The company, called Vollebak, was founded in 2016 by brother Nick and Steve Tidball and has found success in a range of clothing that includes the ‘Graphene Jacket’, and the ‘100 Year Vest’, while the latest T-shirt released has already sold out despite the €105 price tag.
However, the true draw for manufacturers has been their use of modern materials that makes the clothes truly ‘cutting-edge’, such as a shirt that contains 100,000 ceramic particles the same as those used on the International Space Station. And while this may sound like a gimmick, there is also logic behind using state-of-the-art raw materials. This is because it creates much better clothing, which the company describes as “lightweight, breathable, and high wicking (draws moisture away)– with ceramic technology that makes it highly abrasion resistant and long lasting”. They even add that it is “Earth’s toughest shirt”.

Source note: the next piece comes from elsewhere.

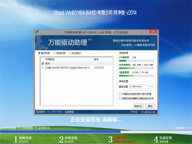 -集成常见硬件驱动,智能识别+预解压技术,绝大多数硬件可以快速自动安装相应的驱动;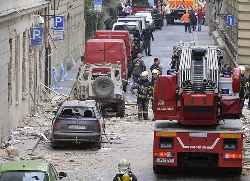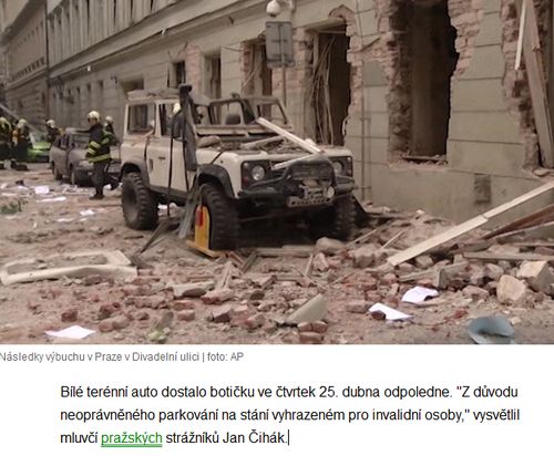Při pohledu na vyplynovanej domek vás napadne, že má skutečně nadstandardní fízlovací výbavu. Celkem jsem napočítal tři kamery, přičemž dvě jsou toho typu, který často zdobí policejní objekty. Jak jsem vyrozuměl, byly tam nějaké kanceláře. Dnes jsme také mohli absolvovat virtuální procházku po zborceném interiéru a mně tam něco chybí. Představil jsem si, jak by to asi vypadalo, kdyby vyletěla do luftu moje kancelář. Všude by se válely počítače a monitory a papíry a pořadače a takové věci, které jsou v kanclech běžně. Jako by tam někdo přes noc uklidil…

Similar products on the company’s range include a graphene jacket, which employs the “lightest, strongest, and most conductive material ever discovered” and an electrically-charged jacket that can glow in the dark, which was named as one of TIME magazine's Best Inventions of 2018 and as Sports Gear of the Year by WIRED.
Meanwhile, the Black Squid Jacket is made from “… lasers, resin and over 2 billion disruptively-structured microscopic glass spheres” to create a black cloth that turns into a florescent, light-reflecting material when in full daylight.
However, one of the most talked-about products is a T-shirt that is made from 120 metres of carbon fibre that is woven into the cloth. Due to its incredible strength (including a tensile modulus that is 5x stronger than steel), carbon fibre is usually used in supercars, military gear, and high-end sports equipment. However, when thousands of strands of carbon fibre (each thinner that a human hair) are plaited together, the result is a material that is, “… soft, breathable, and highly elastic, while the carbon fibre adds strength and abrasion resistance - acting like a ripstop to save your skin.”
While the company is keeping secret the additional costs of using cutting-edge raw materials instead of cotton and polyester, the sold-out products lines and strong demand show the value that consumers are placing in high-specification products. Using top-end, quality raw materials should no longer be seen as an extravagance but as an investment in durability, low weight, elasticity, and in the case of clothing, breathability.
With a market for carbon fibre, ceramics, and even graphene in the fashion industry, who can say what applications other modern materials such as carbon nanotubes and nanowires will find in the future.